At one point, Goldberg tried to lasso Jones—“You’re talking too fast for me, baby, slow down”—but Jones darted away.

“They’ve got the TSA putting their hand down people’s pants,” he insisted. “We’ve got the banks bankrupting the U.S.—”

“Let’s stick with Charlie,” interjected Goldberg again, “ ’cause that’s way too much for me, man.”

“He didn’t steal $27.3 trillion, like the Federal Reserve!” yelled Jones. “Torture! Secret arrests! America turning into a police state!”

The women of The View, having lost control of their program, looked relieved to cut to a commercial. But Jones was only starting his grand tour through the mainstream media: That night, he appeared with Joy Behar to talk more about Sheen. Matt Drudge linked to a story on Jones’s website, Infowars.com, spiking traffic. There were also appearances on A&E and the History Channel.

Large swathes of America now know that the fix is in. The current president is a foreign-born Muslim; the last one conspired to bring down the World Trade Center, then covered up his nefarious crime with a tale about some hijacked airliners. Why wouldn’t people believe something horrible is afoot, what with economic chaos and multiple wars and devastating earthquakes and tsunamis. In this era of information anxiety, it turns out that telling people they are right to be afraid, anchoring their fears in specific details, is an excellent business model—and in America now, the paranoia business is booming.

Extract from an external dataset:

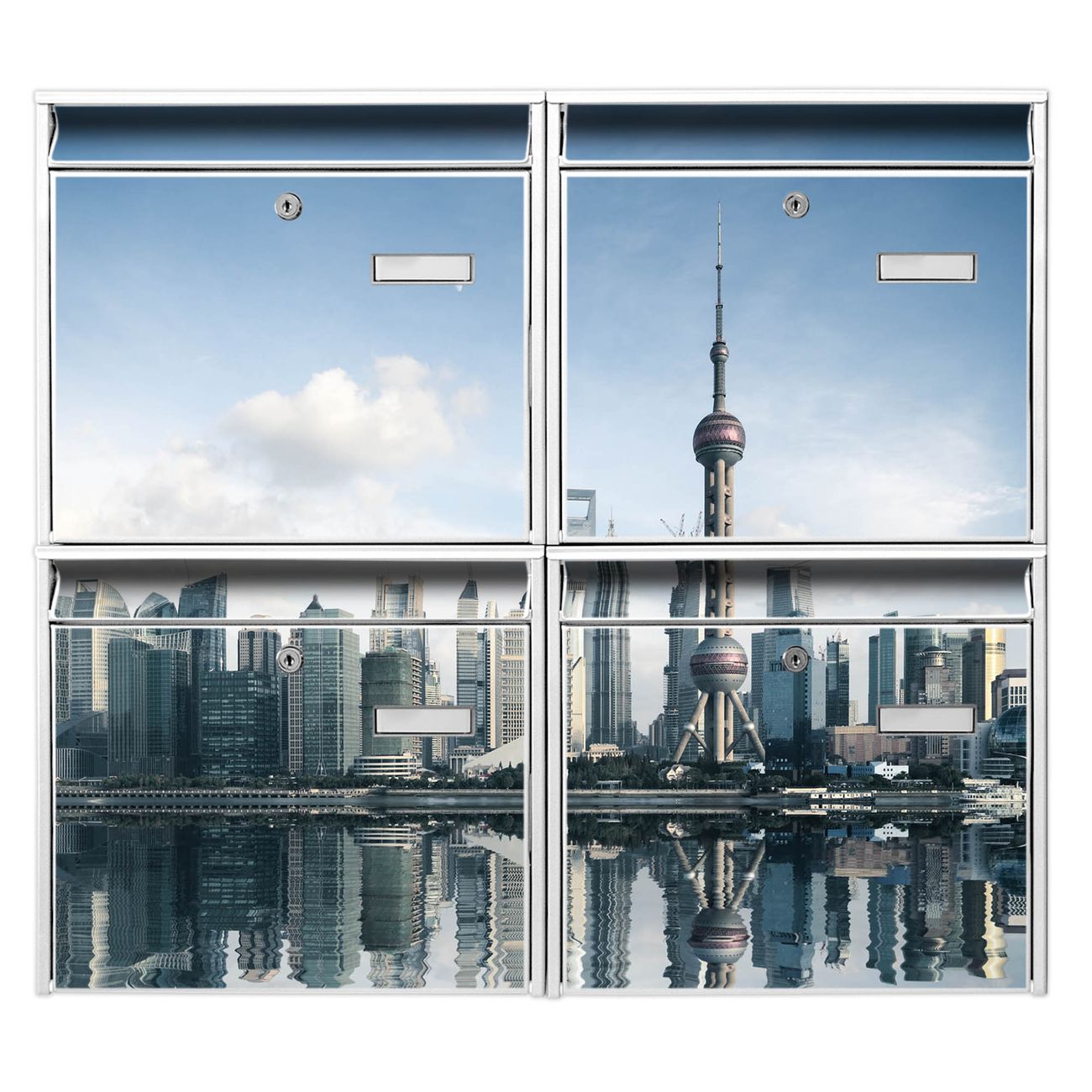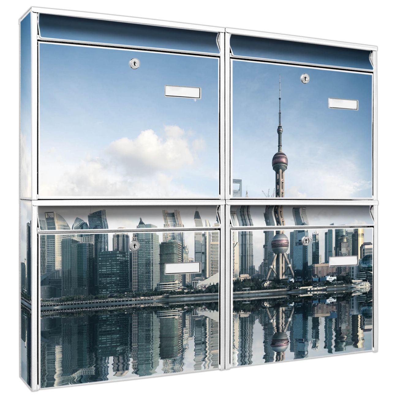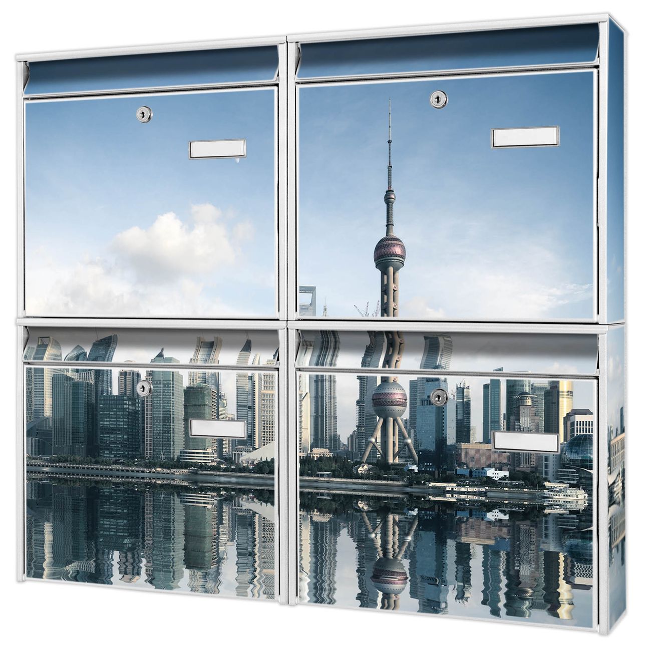 FUNKTION: Die Burg-Wächter Briefkastenanlage mit Motiv Shanghai bietet Ihnen ausreichend Fassungsvermögen um auch A4 und C4 Sendungen zu empfangen. Das integrierte Namensschild lässt sich individuell beschriften. Wählen Sie aus den Grundfarben weiß, silber und schwarz. DESIGN: Die 4 Briefkästen haben ein ansprechendes und zeitloses Design, ohne dabei auf Funktionalität zu verzichten. Das Material ist sehr stabil, wetterfest und rostfrei. Durch das Motiv Shanghai werden die Postkästen zu einem Blickfang. DETAILS: Die Postkästen bestehen aus verzinktem Stahl der zusätzlich mit Klarlack versiegelt wurde. Die Kästen sind gesamt 64,5cm hoch, 72,5cm breit und 10cm tief. Das Motiv besteht aus einer wetter- und UV-festen Folie, die Ihren Briefkasten zusätzlich vor Kratzern schützt. Die Postkästen werden mit Montagematerial, je einem Namensschild und je zwei Schlüsseln geliefert. NUTZEN: Das Briefkastenset eignet sich für die Wandmontage, die Größe bietet genügend Platz für Sendungen aller Art. Das zeitlose Design sowie die stabile Bauart bieten Ihnen einen treuen Begleiter für Ihre Post. BANJADO:

This is the wave Alex Jones is riding. Fifteen years ago, he was an obscure FM talker in Austin who gained a bit of notoriety ranting about Timothy McVeigh and Waco. Now the longtime friend of Texas congressman Ron Paul is whispered about in the halls of Fox News, where he could envision himself “if I could have 100 percent control,” he says. His popularity isn’t a fluke; it’s a barometer of the rise of paranoia in every crevice of the Internet and cable TV, where fact and quasi-fact are now blurred on a regular basis and often make their way right onto mainstream screens. There has always been a shadow or two on the grassy knoll of American politics. But it’s never been more crowded up there. Jones’s visions of elitist machinations (and, of course, the elite are machinating), far from seeming ridiculous, have plenty of echoes on both the left and right. Congresswoman Michele Bachmann, Rolling Stone writer Matt Taibbi, WikiLeaks founder Julian Assange, and the creator of the Academy Award–winning documentary Inside Job all traffic, to various extents, in riling up fears of secretive plots, some based in fact, some much less so. Fox News’s Glenn Beck can seem almost a carbon copy of Jones, and according to Jones, who does not believe in coincidences, this is not a coincidence. Jones says that Beck built his success on Jones’s act. “Glenn Beck climbed over my back,” says Jones. “He’s like a fiddler crab that grabbed the shell off my back and scurried over me.”

And besides conspiring to steal his show, Beck is part of the bigger conspiracy. “He’s got psychological-warfare operatives writing some of that teleprompter stuff,” says Jones. “I’ve watched it. It’s very sophisticated; it’s very dangerous.”